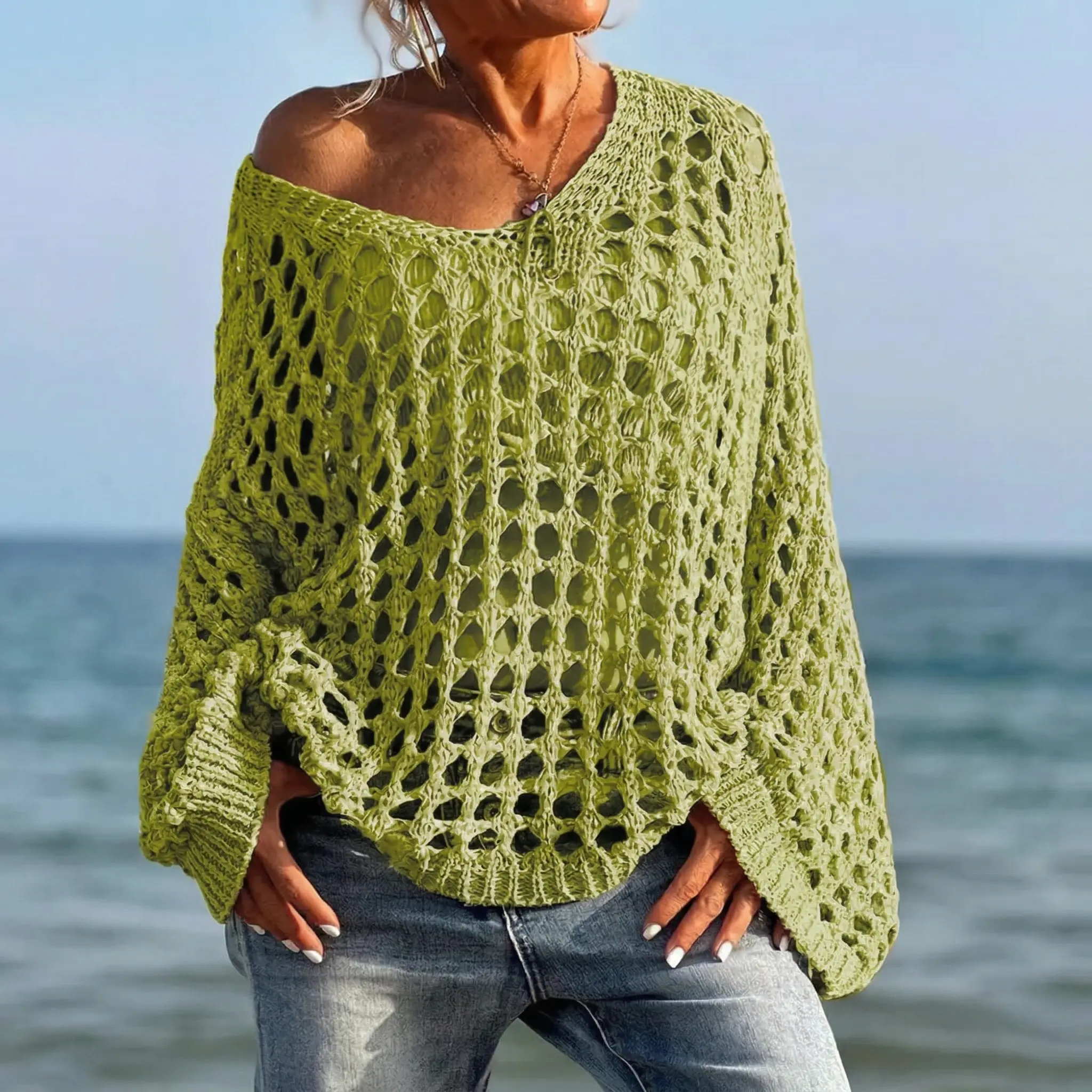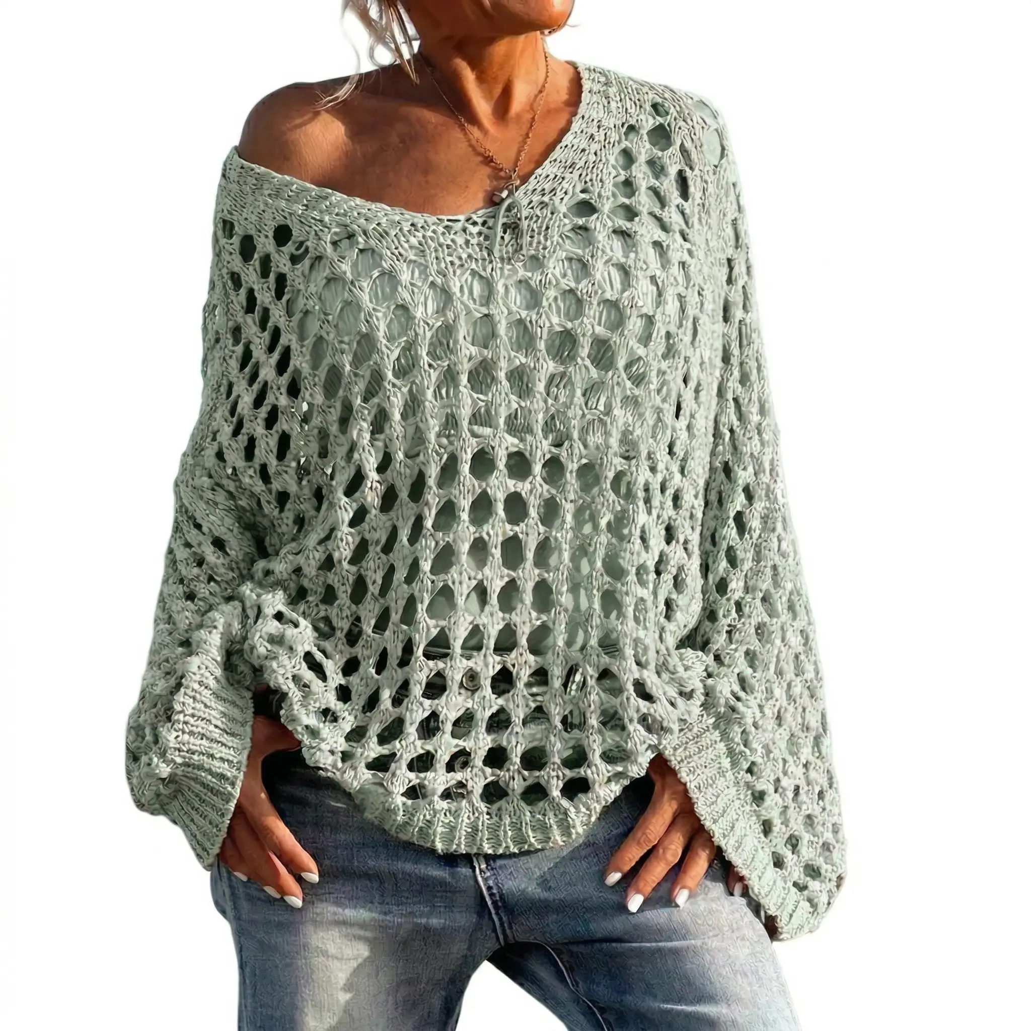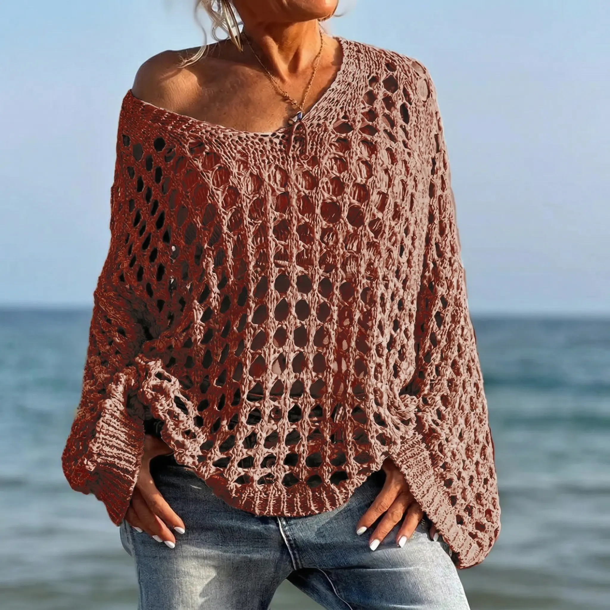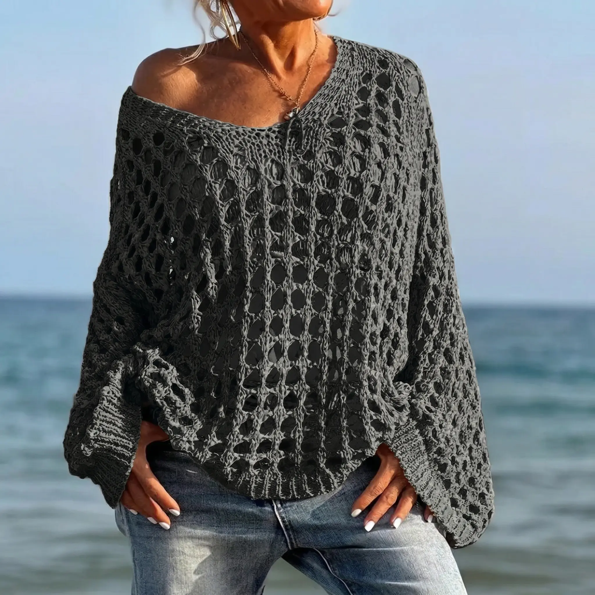 Upgrade your casual wardrobe with this chic slouchy knit pullover. Perfect for the modern woman who loves a relaxed yet trendy vibe, this sweater features an open-knit crochet design. It's highly breathable and eye-catching, making it a standout piece.
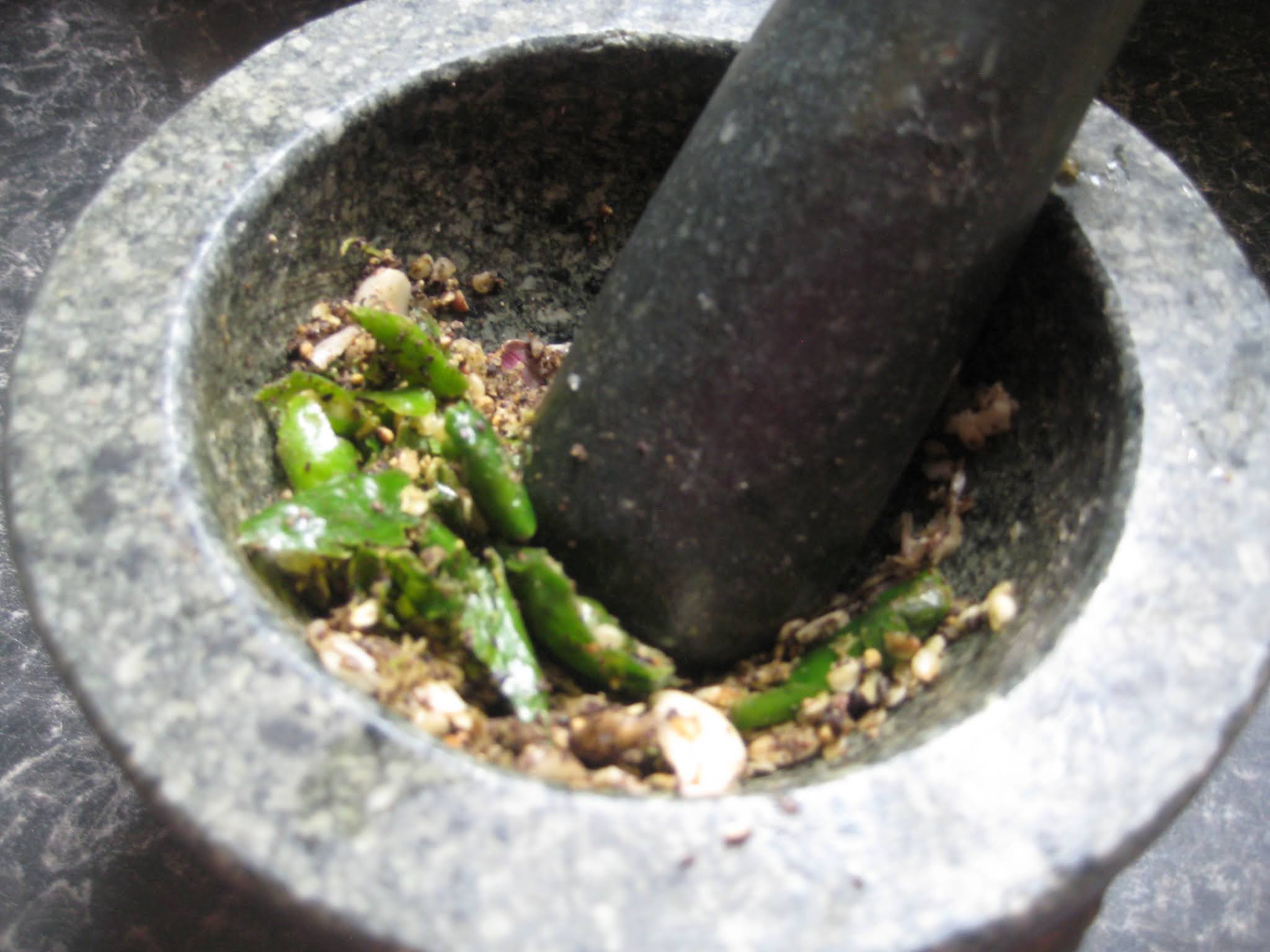 ใส่กระเทียมและพริกขี้หนูและพริกไทยที่โขลกเอาไว้ลงไปผัดให้หอม
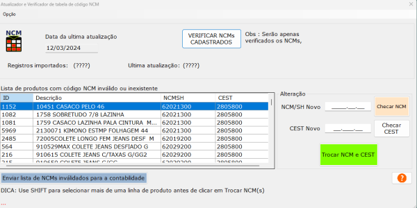 Clique no botão Trocar NCM para os produtos que serão identificados na grid como inválidos, selecione-o antes na grid usando as teclas SHIFT ou CTRL.
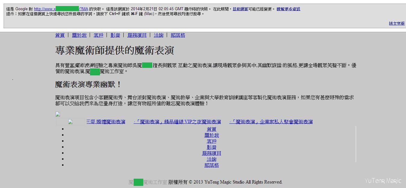 當時我試圖想理解為何發生這樣的事情,於是我利用Google 頁庫存檔的功能去查看那個連結。(Google頁庫存檔會將網站在過去某一個時間點的樣子記錄下來,所以代表著在那一個時間點網站是長那個樣子)一查看之後整個讓我大吃一驚,應該是假的吧?是我眼睛業障重嗎?我的網站居然被複製,然後有【瑀騰】的地方都被置換成【魔OO】,也就是 魔術師P 的公司名稱。
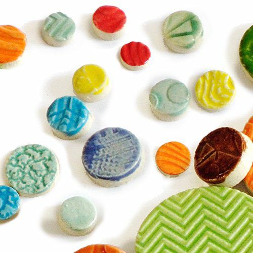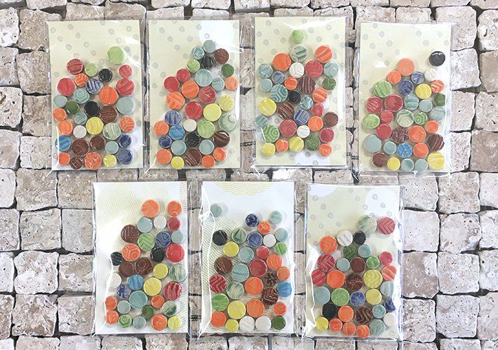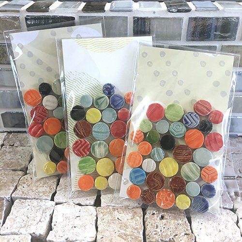 どれが届くかお楽しみ♪ひとつひとつ手作業でエンボス加工を施した、カラフルなモザイクタイルです。
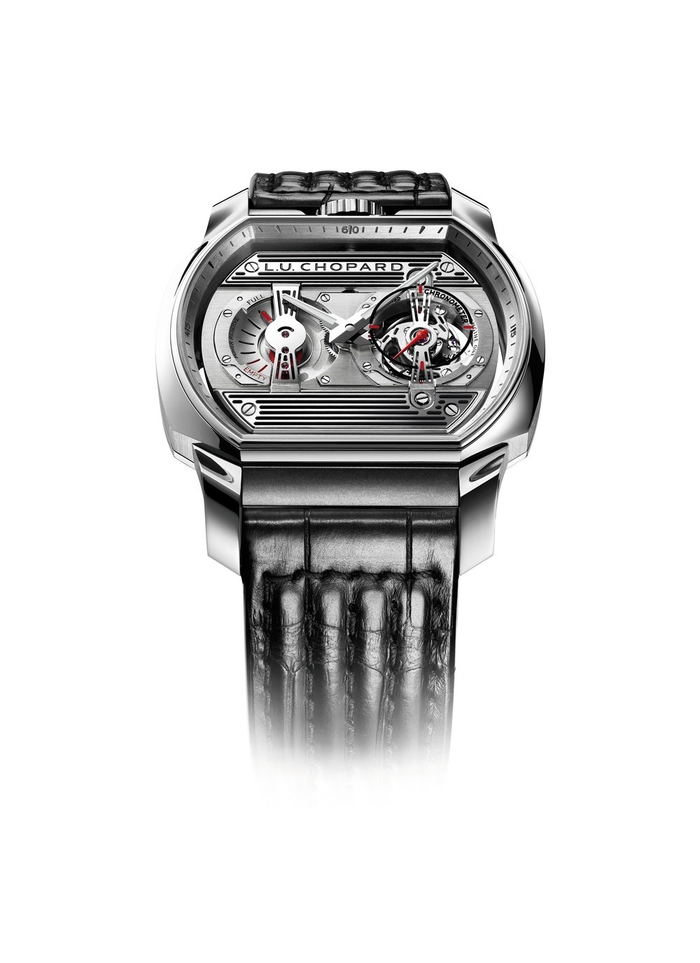 Technically complex, distinguished and sporting, the L.U.C Engine One H is a stunning visual hybrid of automotive mechanics and fine watchmaking. The proprietary tourbillon movement, which takes its finish from car engines, maintains a steady 480 revs per minute or 28,800 vibrations per hour. The barrel fills the tank with a full 60 hours of power reserve. The horizontal grooves in the bridges on the dial side take their cue from cylinder heads. Hours and minutes are centrally displayed whereas power reserve is shown on the left, on an indicator that reads like a fuel gauge. On the right, small seconds are mounted on the tourbillon, like a rev counter. The five rows of top-stitching on the alligator strap have the look and feel of 1960s and 70s car upholstery. The L.U.C Engine One H delivers further proof of Chopard’s dedication to car racing and its values of enjoyment and performance. Produced as a 100-piece limited series.
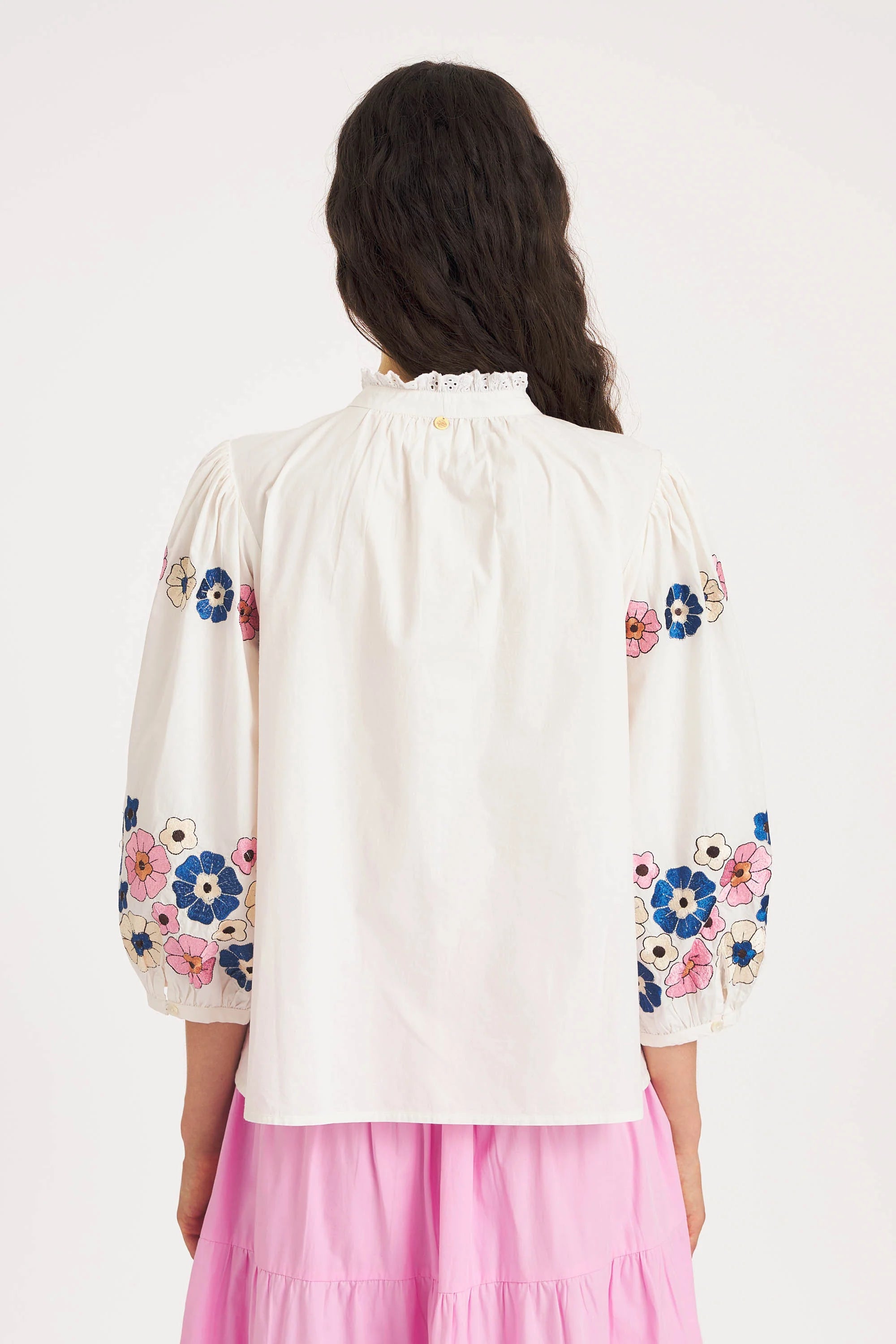 Amantina Blouse in de kleur 'Cream' van het Franse merk Antik Batik. Zachte katoenen poplin blouse versierd met zijdezachte bloemenborduursels in Mexicaanse stijl, die de borst en mouwen sieren. De sluiting en kraag zijn afgewerkt met kant, terwijl de mouwen wijdvallend zijn. Draag haar op een jeans en je bent gelijk af!
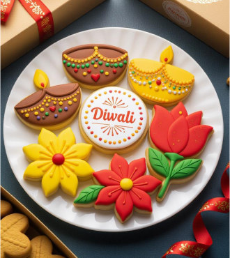 An artistic mix of hand-iced cookies shaped like diyas, flowers, and festive symbols in bright gold, red, and yellow hues. These buttery cookies are perfect for gifting or sharing. Available in two options: 10-piece (five gingerbread + five plain) or 20-piece (ten of each) for gatherings and celebrations.
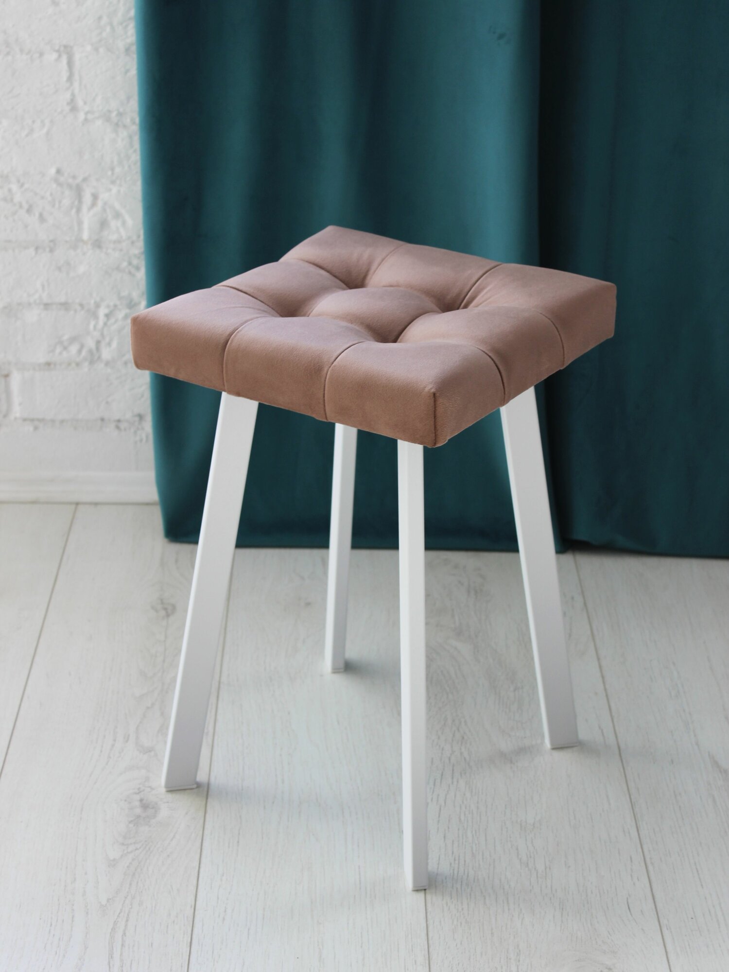 Табурет мягкий бежевый с белыми ножками для кухни и дома усиленный
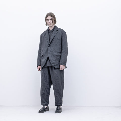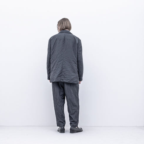 ポリエステルの製品染めは色やサイズ・ロットによって生地の皺感や質感が異なります。また個体差も大きく皺以外にも風合いも大きく異なる場合があります。これはポリエステルの製品染めの特徴ですのでご了承ください。この生地は特に荒めに織っているためサイズも個体差も大きくシワ感や風合いも個体差が大きく出ます。
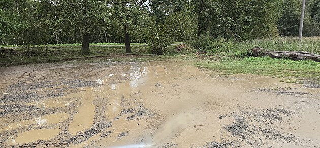 Vyplavený areál pstruží farmy Bělá na Opavsku, odkud odplavalo přes tunu pstruhů. (27. září 2024)
______
### What to do
Each line from the beginning of the entries up to and including the one containing "Clique no botão" must be restated exactly. Pictures are to be left out.

### Exercise solution
 Upgrade your casual wardrobe with this chic slouchy knit pullover. Perfect for the modern woman who loves a relaxed yet trendy vibe, this sweater features an open-knit crochet design. It's highly breathable and eye-catching, making it a standout piece.
 ใส่กระเทียมและพริกขี้หนูและพริกไทยที่โขลกเอาไว้ลงไปผัดให้หอม
 Clique no botão Trocar NCM para os produtos que serão identificados na grid como inválidos, selecione-o antes na grid usando as teclas SHIFT ou CTRL.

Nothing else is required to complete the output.